[Try it]:
Everything from the first line of the data below through the line that contains "Ještě v pondělí" should be written out exactly, please, and nothing more; the pictures stay out.

[Data provided]:
<<<<
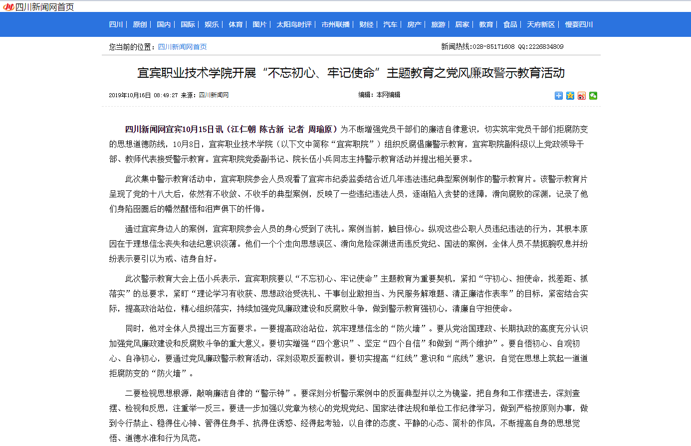 宜宾职业技术学院开展“不忘初心、牢记使命”主题教育之党风廉政警示教育活动(四川新闻网)
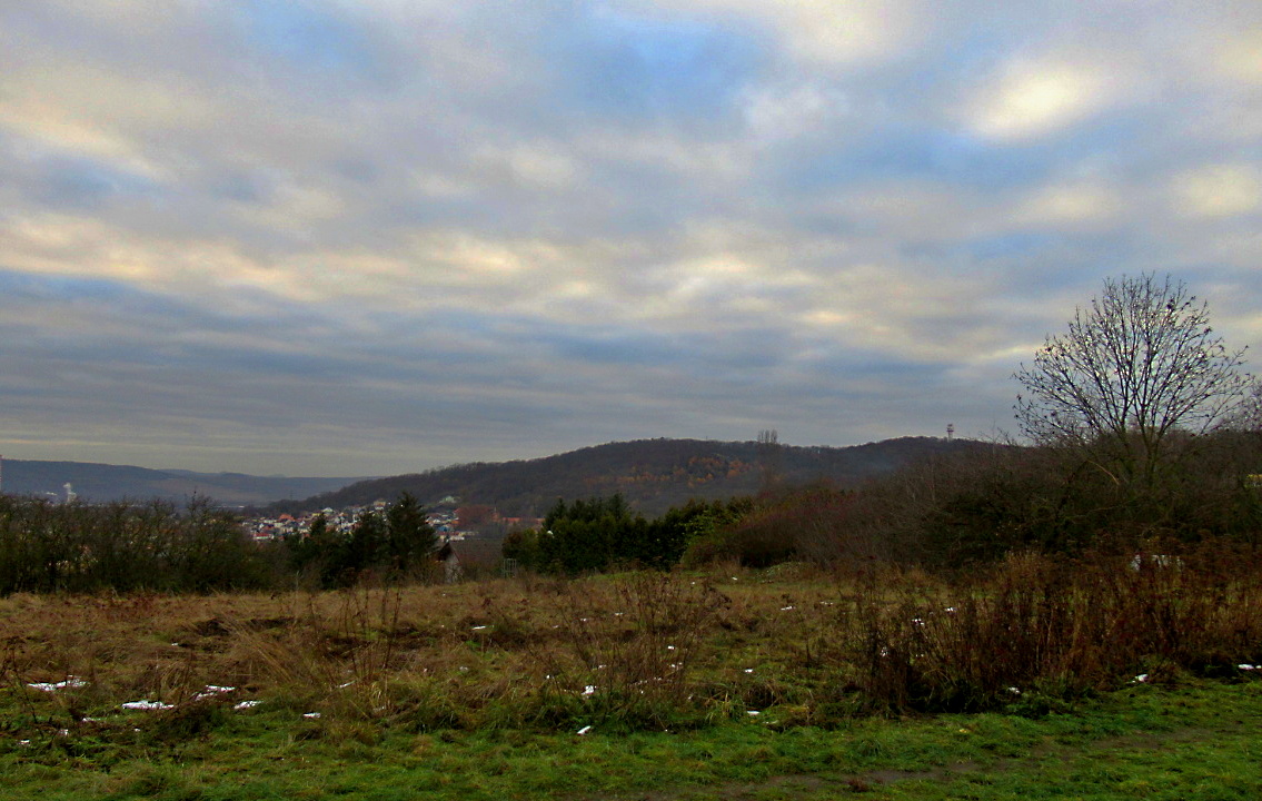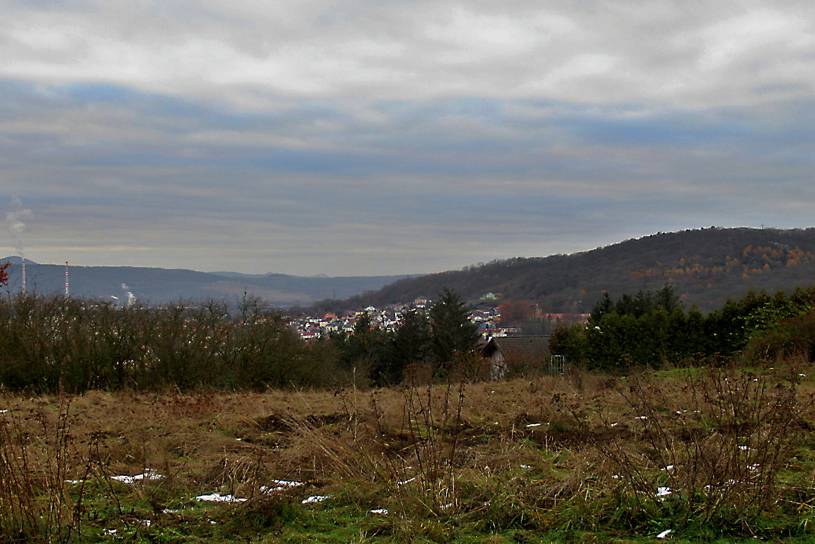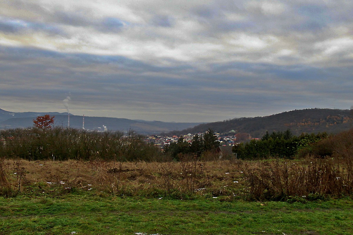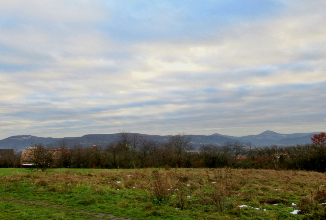 Ještě v pondělí bylo všude kolem nás bílo, stačil noční déšť a kdeže ty letošní sněhy jsou. Od soboty jsem nevystrčila nos z domu, o cukroví se mi pomalu už i zdá. A tak jsem se rozhodla, že cukroví nemá nožičky, tak mi nikam neuteče. Venku bylo docela hezky, naložili jsme pejska, vše potřebné pro vosí úly a hurá za dcerou do práce. Vzala jsem si s sebou pro jistotu foťák, že zkusím něco vyfotit. To už mi taky chybělo, a protože počasí bylo pro focení jako stvořené, fotila jsem vše, co se dalo. Měla jsem vyhlédnuté jedno místo, odkud jsou dobře vidět kopce. Nejdřív jsem fotila kolem dceřina pracoviště a pak jsem navrhla, že se zastavíme tam, odkud jsou dobře vidět ty kopce. Sice se už počasí trochu změnilo, ale fotit se dalo. Můj hodný a poslušný manžel mi zastavil hned naproti přes silnici, běhala jsem po louce a fotila o sto šest.
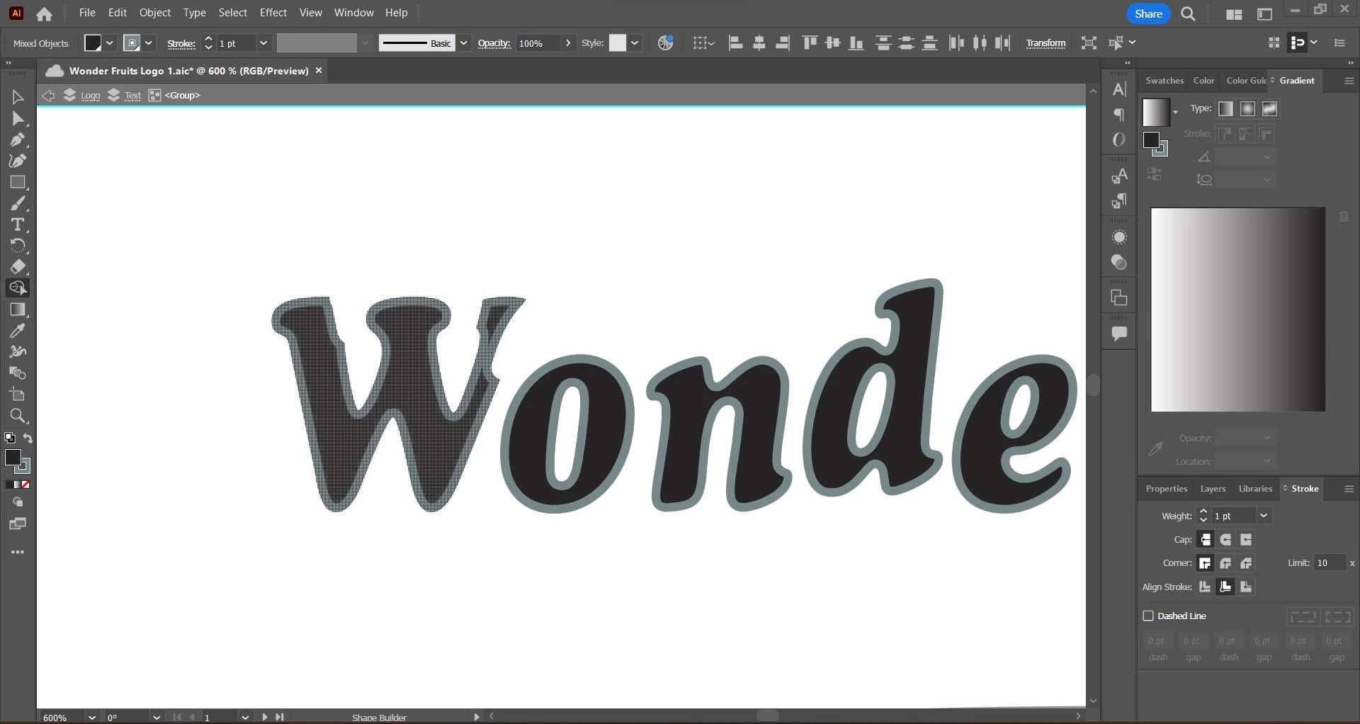 I would like to remove the outlining of my text to make it thinner as I saw online, but for some reasons, my shape builder doesn't detect the outline. I select my text and then press alt with the shape builder. I have tried to remove masks but there is none.
>>>>
[Written answer]:
 宜宾职业技术学院开展“不忘初心、牢记使命”主题教育之党风廉政警示教育活动(四川新闻网)
 Ještě v pondělí bylo všude kolem nás bílo, stačil noční déšť a kdeže ty letošní sněhy jsou. Od soboty jsem nevystrčila nos z domu, o cukroví se mi pomalu už i zdá. A tak jsem se rozhodla, že cukroví nemá nožičky, tak mi nikam neuteče. Venku bylo docela hezky, naložili jsme pejska, vše potřebné pro vosí úly a hurá za dcerou do práce. Vzala jsem si s sebou pro jistotu foťák, že zkusím něco vyfotit. To už mi taky chybělo, a protože počasí bylo pro focení jako stvořené, fotila jsem vše, co se dalo. Měla jsem vyhlédnuté jedno místo, odkud jsou dobře vidět kopce. Nejdřív jsem fotila kolem dceřina pracoviště a pak jsem navrhla, že se zastavíme tam, odkud jsou dobře vidět ty kopce. Sice se už počasí trochu změnilo, ale fotit se dalo. Můj hodný a poslušný manžel mi zastavil hned naproti přes silnici, běhala jsem po louce a fotila o sto šest.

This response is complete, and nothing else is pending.